═════ EXERCISE DATA

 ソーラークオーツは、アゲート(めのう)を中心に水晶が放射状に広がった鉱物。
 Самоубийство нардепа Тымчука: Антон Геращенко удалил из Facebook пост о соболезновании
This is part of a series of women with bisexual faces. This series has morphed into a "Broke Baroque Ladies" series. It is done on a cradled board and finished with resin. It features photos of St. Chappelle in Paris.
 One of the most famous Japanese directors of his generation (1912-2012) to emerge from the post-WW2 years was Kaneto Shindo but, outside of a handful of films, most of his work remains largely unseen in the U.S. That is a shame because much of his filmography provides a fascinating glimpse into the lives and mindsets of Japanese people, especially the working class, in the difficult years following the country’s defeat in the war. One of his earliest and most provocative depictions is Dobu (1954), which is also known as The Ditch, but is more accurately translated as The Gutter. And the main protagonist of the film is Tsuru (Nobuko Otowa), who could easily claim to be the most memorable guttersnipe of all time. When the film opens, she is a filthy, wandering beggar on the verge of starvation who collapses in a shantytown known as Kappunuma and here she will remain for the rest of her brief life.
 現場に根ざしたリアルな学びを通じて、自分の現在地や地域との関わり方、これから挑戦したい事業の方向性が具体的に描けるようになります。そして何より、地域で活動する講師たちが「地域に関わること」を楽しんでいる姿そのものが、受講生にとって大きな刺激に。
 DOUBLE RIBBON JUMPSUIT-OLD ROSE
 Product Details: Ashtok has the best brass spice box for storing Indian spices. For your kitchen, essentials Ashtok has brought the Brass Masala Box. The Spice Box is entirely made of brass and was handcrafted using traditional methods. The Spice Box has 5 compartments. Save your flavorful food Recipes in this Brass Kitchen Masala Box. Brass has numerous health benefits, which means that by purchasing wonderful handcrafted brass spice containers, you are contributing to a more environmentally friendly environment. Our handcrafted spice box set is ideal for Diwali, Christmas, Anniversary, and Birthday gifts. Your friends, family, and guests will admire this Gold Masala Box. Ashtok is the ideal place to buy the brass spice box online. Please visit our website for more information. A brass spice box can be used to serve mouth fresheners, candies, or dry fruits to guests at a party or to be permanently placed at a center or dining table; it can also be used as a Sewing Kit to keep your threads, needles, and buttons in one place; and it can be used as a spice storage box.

══════════

== WORK TO COMPLETE ==
Begin at the first line of the entries above and copy every line exactly, ending with the line that contains "This is part".

== EXPECTED OUTPUT ==
 ソーラークオーツは、アゲート(めのう)を中心に水晶が放射状に広がった鉱物。
 Самоубийство нардепа Тымчука: Антон Геращенко удалил из Facebook пост о соболезновании
This is part of a series of women with bisexual faces. This series has morphed into a "Broke Baroque Ladies" series. It is done on a cradled board and finished with resin. It features photos of St. Chappelle in Paris.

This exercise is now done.